**EXERCISE BRIEF**
The reply is to be an exact repetition of the entries that follow, with each picture left out.

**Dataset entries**
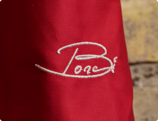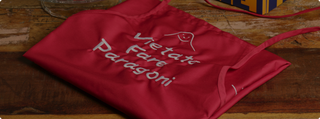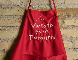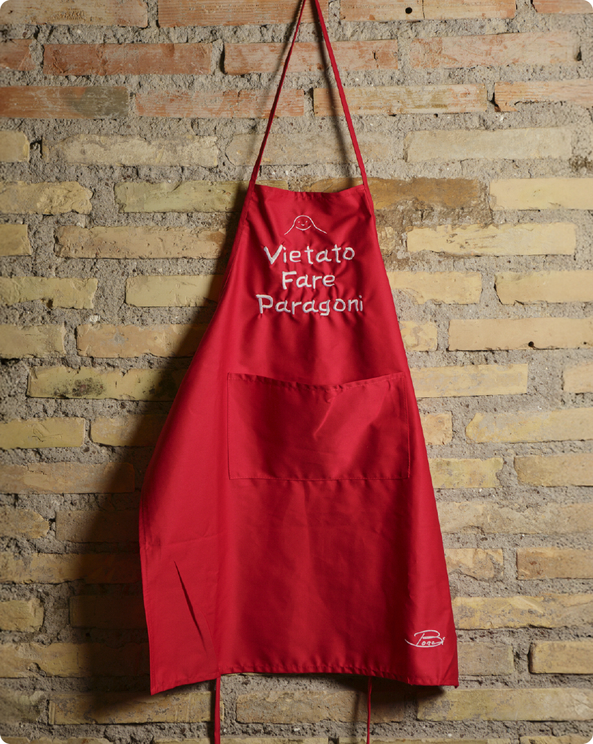 Rosso vivo, come la passione che si mette in cucina. Il grembiule “Vietato Fare Paragoni” è un omaggio allo stile inconfondibile di Gabriele Bonci: diretto, autentico e senza compromessi. Realizzato in tessuto resistente, è dotato di una capiente tasca frontale e di laccio regolabile. Sul petto campeggia la frase simbolo ricamata, accompagnata dal piccolo volto stilizzato che richiama lo spirito del brand. In basso, a chiudere il gesto, la firma originale di Bonci ricamata a contrasto: un dettaglio esclusivo che rende questo grembiule un vero pezzo da collezione. Perfetto per chi impasta, per chi sperimenta… e per chi sa che in cucina, proprio come nella vita, vietato fare paragoni.
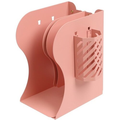 Подставка для книг металлическая deVENTE, 190 х 147 х 90 мм, телескопическая, с подставкой для пишущих принадлежностей, розовая
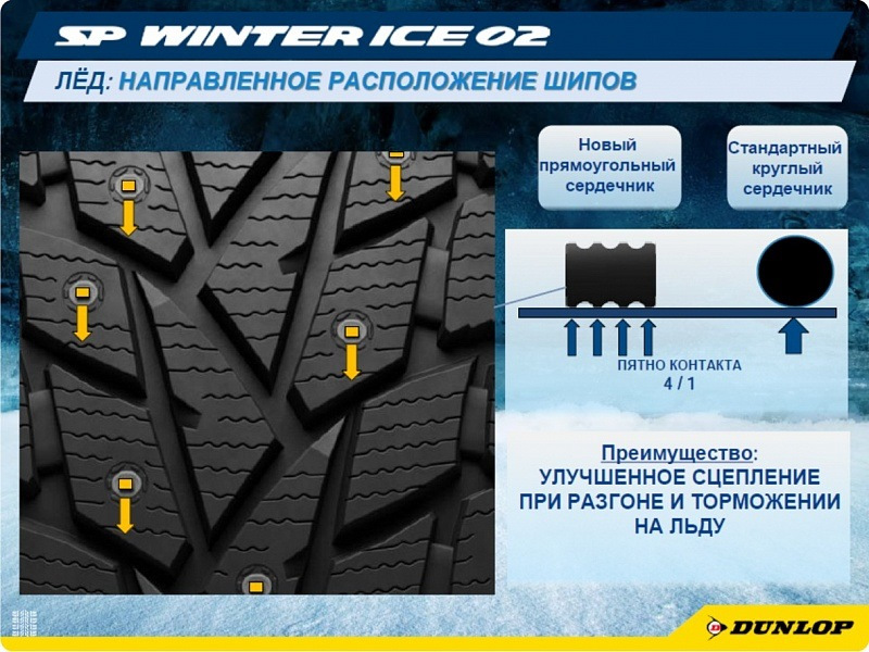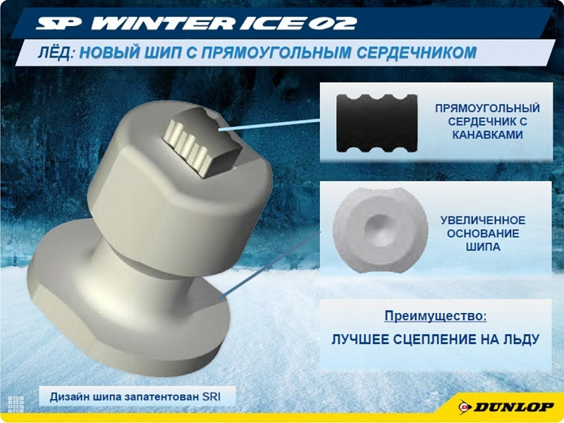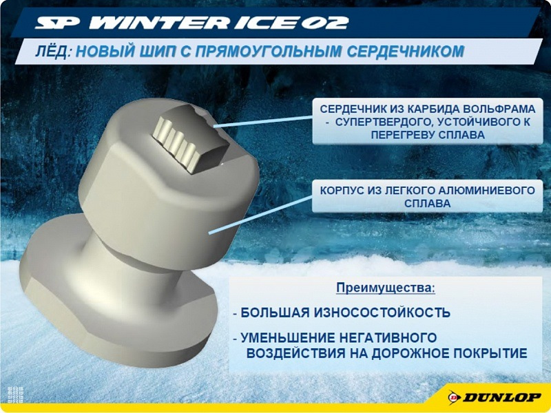 Направленные шипы с прямоугольным рифленым сердечником – главный секрет великолепных сцепных качеств новых зимних шин Dunlop SP Winter Ice02 и Grandtrek Ice02 на льду. Особая форма и размер сердечника (2,8 мм x 2 мм), а также большое основание шипа (9 мм x 8 мм) обеспечивают повышенную проникающую способность и стабильность рабочих характеристик при движении по льду. Сердечник изготовлен из карбида вольфрама — твердого и устойчивого к перегреву материала. Корпус шипа сделан из алюминиевого сплава, что позволяет ему быть значительно легче, чем на предыдущих моделях.
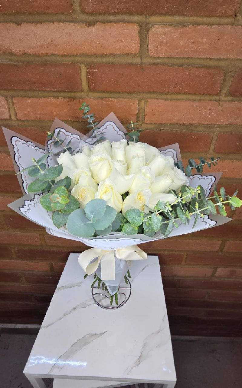 RAMO DE 24 ROSAS BLANCAS CON MINI DOLLAR
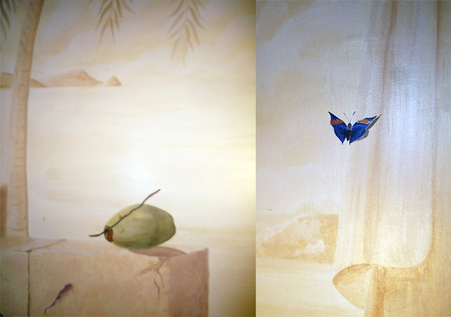 Ces fresques peintes directement sur le mur d’un couloir dans une maison de campagne près de St Malo traite d’un sujet exotique propice à l’évasion. Comme tout décor peint, son but est d’élargir virtuellement l’espace. Cela donne une impression de profondeur et de perspective par la technique du trompe l’œil.

**SOLVED EXERCISE**
 Rosso vivo, come la passione che si mette in cucina. Il grembiule “Vietato Fare Paragoni” è un omaggio allo stile inconfondibile di Gabriele Bonci: diretto, autentico e senza compromessi. Realizzato in tessuto resistente, è dotato di una capiente tasca frontale e di laccio regolabile. Sul petto campeggia la frase simbolo ricamata, accompagnata dal piccolo volto stilizzato che richiama lo spirito del brand. In basso, a chiudere il gesto, la firma originale di Bonci ricamata a contrasto: un dettaglio esclusivo che rende questo grembiule un vero pezzo da collezione. Perfetto per chi impasta, per chi sperimenta… e per chi sa che in cucina, proprio come nella vita, vietato fare paragoni.
 Подставка для книг металлическая deVENTE, 190 х 147 х 90 мм, телескопическая, с подставкой для пишущих принадлежностей, розовая
 Направленные шипы с прямоугольным рифленым сердечником – главный секрет великолепных сцепных качеств новых зимних шин Dunlop SP Winter Ice02 и Grandtrek Ice02 на льду. Особая форма и размер сердечника (2,8 мм x 2 мм), а также большое основание шипа (9 мм x 8 мм) обеспечивают повышенную проникающую способность и стабильность рабочих характеристик при движении по льду. Сердечник изготовлен из карбида вольфрама — твердого и устойчивого к перегреву материала. Корпус шипа сделан из алюминиевого сплава, что позволяет ему быть значительно легче, чем на предыдущих моделях.
 RAMO DE 24 ROSAS BLANCAS CON MINI DOLLAR
 Ces fresques peintes directement sur le mur d’un couloir dans une maison de campagne près de St Malo traite d’un sujet exotique propice à l’évasion. Comme tout décor peint, son but est d’élargir virtuellement l’espace. Cela donne une impression de profondeur et de perspective par la technique du trompe l’œil.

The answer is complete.